Auch wenn die deutsche Bauindustrie Gastgeber ist, weiß ich doch, daß das ganze Spektrum der deutschen Wirtschaft heute bei Ihnen vertreten ist. Das will ich zum Anlaß nehmen, mich zu einem Thema zu äußern, das die Zukunft der Industriegesellschaft als ganze betrifft: das Problem der Arbeitslosigkeit. In den meisten Branchen werden Arbeitsplätze wegrationalisiert, Produktionsstätten der Industrie in kostengünstigere Länder und Regionen verlegt, billige und mobile Arbeitskräfte nach Deutschland hineinrekrutiert. Viele machen sich angesichts knapp 4 Millionen Arbeitsloser Sorge, daß den Deutschen die Arbeit ausgeht.

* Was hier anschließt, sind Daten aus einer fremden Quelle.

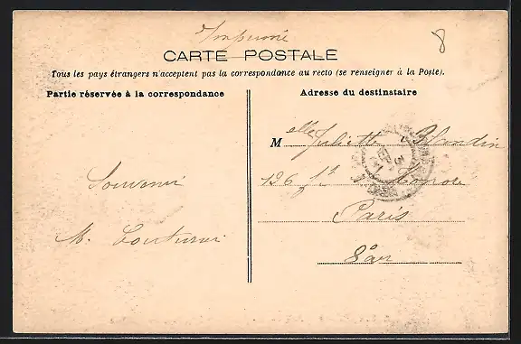 Personenbezogene Daten auf der Rückseite der Karte wurden durch blauen Textmarker unkenntlich gemacht. Die blauen Stellen sind auf die Vorderseite durchgeweicht und wirken sich negativ auf das Postkartenfoto aus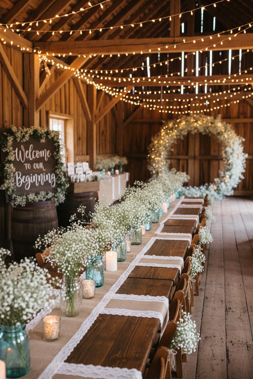 Styling tip: build layers of texture so the blooms don’t feel too one-note. Tuck sprays into mason jar centerpieces and line them up on a burlap table runner with a little lace for contrast. Add strands of string lights warm white overhead, letting the glow catch the tiny petals like stars scattered across the tables. Use a few stems to soften wooden wedding signs at the entry, tie petite bundles to chair backs with twine, or weave them through a ceremony arch for a romantic haze that reads beautifully in photos. Artificial sprigs are perfect for cake table garlands, escort card displays, and welcome barrels, and they can be repurposed later for your home or shower decor. For fresh stems, keep arrangements loose and airy, give them room to breathe, and cluster them in different heights of jars for that collected look. However you combine them, baby’s breath is the ultimate multitasker in rustic wedding ideas—sweet, simple, and endlessly photogenic.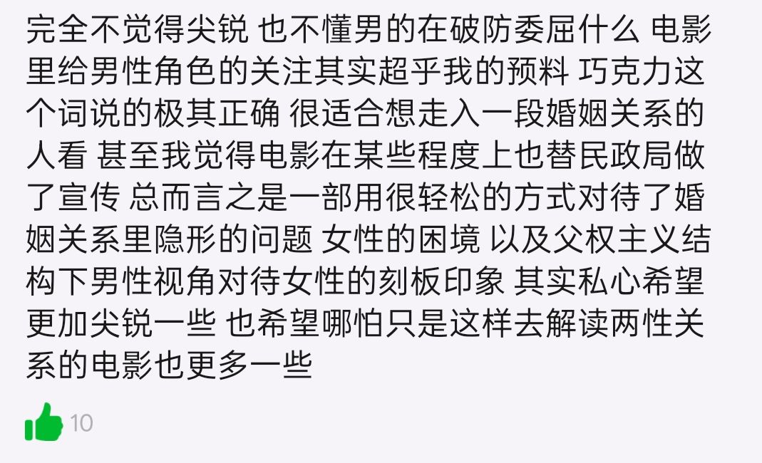 如果说它是会影响结婚率的女权电影而去攻击举报就太敏感了,最多算是一部赚女性票房的感情喜剧片,电影里出现的长辈只有女方父母,唯一与婚姻生活沾边的只有开头几分钟的家务占比,这才哪到哪儿,会影响结婚率的从不仅仅只有感情。
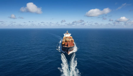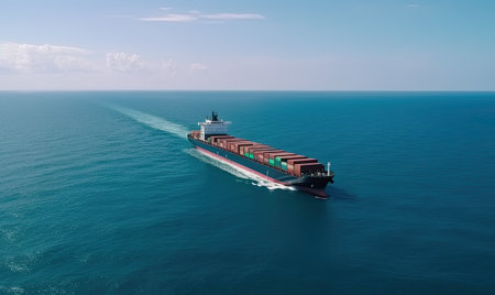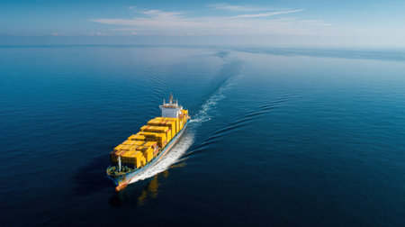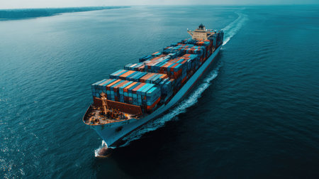 An overhead shot of a massive cargo ship navigating through deep blue waters, with containers neatly stacked on deck and the open sea stretching out to the horizon.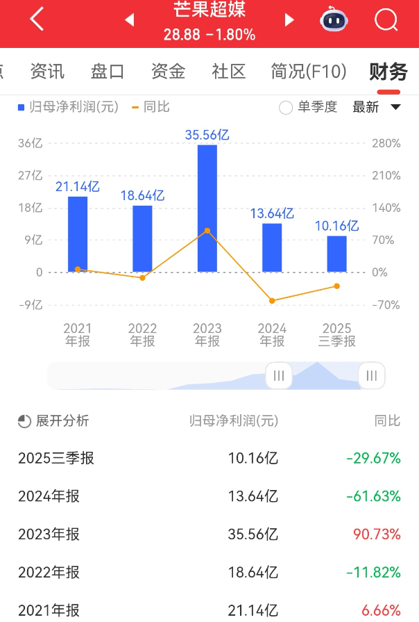 10月24日晚,上市公司芒果超媒公布三季报,前三季度营收90.63亿元,同比下降11.82%。净利润10.16亿元,同比下降29.67%。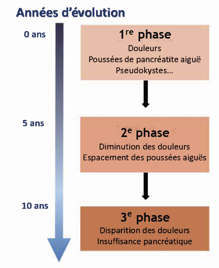 Poussées de pancréatite aiguë : fréquentes au début (fig. 1).

Zunächst: Arbeit ist mehr als Broterwerb allein, ist mehr als nur eine feste Anstellung oder eine Beschäftigung im Erwerbsleben, ist auch mehr als die Sicherung des Lebensunterhaltes. Arbeit ist zugleich eine Quelle von Selbstwertgefühl, von Selbstbestätigung, von innerer Zufriedenheit, auch von Sozialprestige. Ich verstehe nur allzugut, daß es für die meisten Menschen wichtig ist, "in Arbeit zu stehen".

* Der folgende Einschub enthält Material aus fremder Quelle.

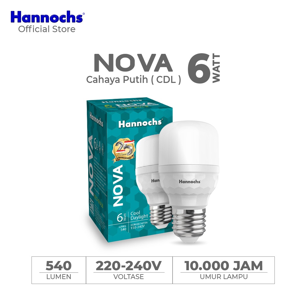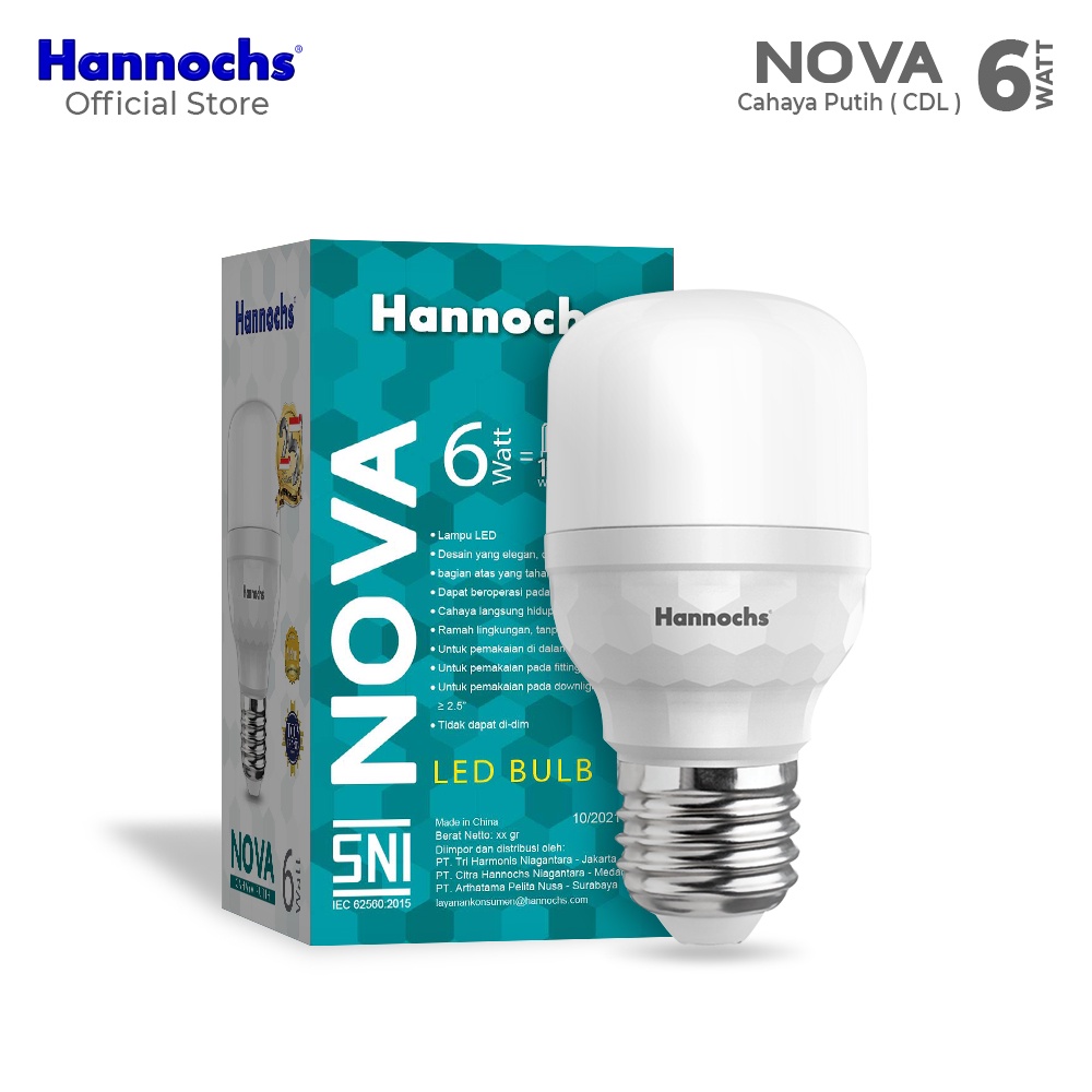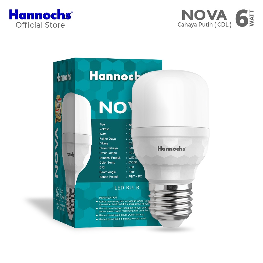 Hannochs Lampu Bohlam LED NOVA 6W Cahaya Putih Paket isi 10pcs

Andererseits ist Arbeit nicht alles im Leben. Sicherlich muß es ein politisches Ziel sein, allen Menschen die Chance zur Teilnahme am Erwerbsleben zu bieten. Aber auch der Mensch, der nicht arbeiten kann oder derzeit keinen Arbeitsplatz besitzt, verliert seine Würde nicht. Das trifft ja für uns alle unbestreitbar mindestens während zweier langer Abschnitte unseres Lebens zu, in der Kindheit und im Alter.

Heute möchte ich jedoch vor allem über die sprechen, die zur Zeit keinen Arbeitsplatz haben. Sie sind in einer auf Dauer nicht erträglichen Situation, gegen die wir politisch alles nur Sinnvolle und Denkbare tun müssen.

Wir müssen der Tatsache Rechnung tragen, daß heute bedeutend mehr Menschen einer Erwerbsarbeit nachgehen wollen, als Arbeitsplätze angeboten werden. Ich habe daher überhaupt kein Verständnis, wenn etablierte Wirtschaftler oder Interessengruppen sagen, daß wir in unseren entwickelten Volkswirtschaften eben mit einer Sockelarbeitslosigkeit oder einer natürlichen Arbeitslosigkeitsrate leben müßten - egal mit wieviel Prozent man sie beziffert. Obwohl eine Halbierung der Arbeitslosenzahlen schon ein großer Erfolg wäre, erscheint mir selbst diese Aussage zu fatalistisch. Arbeitslosigkeit beeinträchtigt immerhin Menschen, für sich selber und die ihnen anvertrauten Mitmenschen zu sorgen und dadurch sich selbst zu bestätigen.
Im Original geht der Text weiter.